Most pet owners who've always filled prescriptions at the vet's office assume switching to an online pharmacy involves more effort than it does. It doesn't. Here's the whole process.
Get a written prescription from your vet
Call or visit your clinic and ask for a written prescription for the medication you need. That's it. In the US, veterinarians are legally required to provide one on request — no reason needed.
Most clinics hand it to you at the appointment, mail it, or email a PDF. Some charge a small fee ($5–$15), which is legal and common, though plenty of practices don't charge at all. Either way, the prescription is yours.
Pick a pharmacy
Look for VIPPS-accredited pharmacies — that's the Verified Internet Pharmacy Practice Sites designation from the National Association of Boards of Pharmacy. It's the clearest signal that an online pharmacy is operating legitimately. Chewy, Petco, and 1800PetMeds are all VIPPS-accredited.
Before you commit to one, check prices. The same medication varies significantly across providers. A quick search on PetSaver shows current prices at major retailers side by side.
Submit the prescription
Online pharmacies accept prescriptions a few ways: you can upload a photo or PDF yourself, give them your vet's fax number to request it directly, or provide the clinic's phone number for them to call and verify. Uploading yourself is the fastest — it often processes same day. Going through the vet's office usually takes 1–2 business days.
Place the order
Once the prescription clears, your order ships. Most pharmacies get it out in 1–2 business days, with 2-day and overnight options if you need it faster.
If your pet takes a monthly preventative, set up autoship. Most pharmacies give 5–15% off recurring orders and you won't have to remember to reorder.
If your vet pushes back
Some practices prefer to fill prescriptions in-house. That's their preference, not their right. They can't legally refuse to write a prescription in the US, and most states have explicit rules protecting that.
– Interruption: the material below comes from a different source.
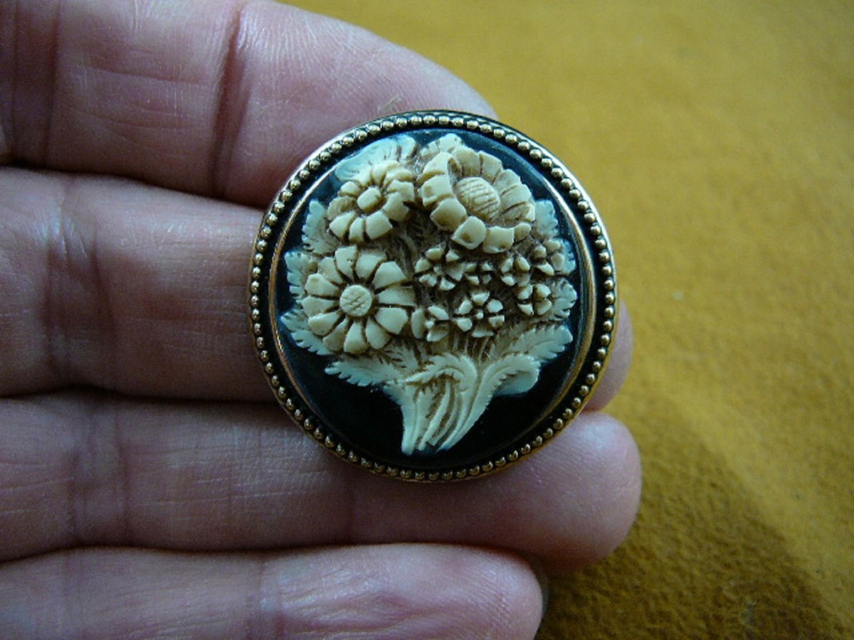 (cs15-19) Daisy FLOWER bouquet black white CAMEO Pin BROOCH JEWELRY flowers

If the conversation gets uncomfortable: "I'd like a written prescription so I can fill it myself" is a complete sentence. You don't owe them more than that.
Exceptions
Controlled substances have separate federal rules and generally can't be filled through standard online pharmacies. Compounded medications — custom formulations made by a compounding pharmacist — require a prescription and a compounding pharmacy specifically. Your vet often has a preferred compounding partner worth asking about.
After the first time, it takes about five minutes. The savings are usually worth well more than that.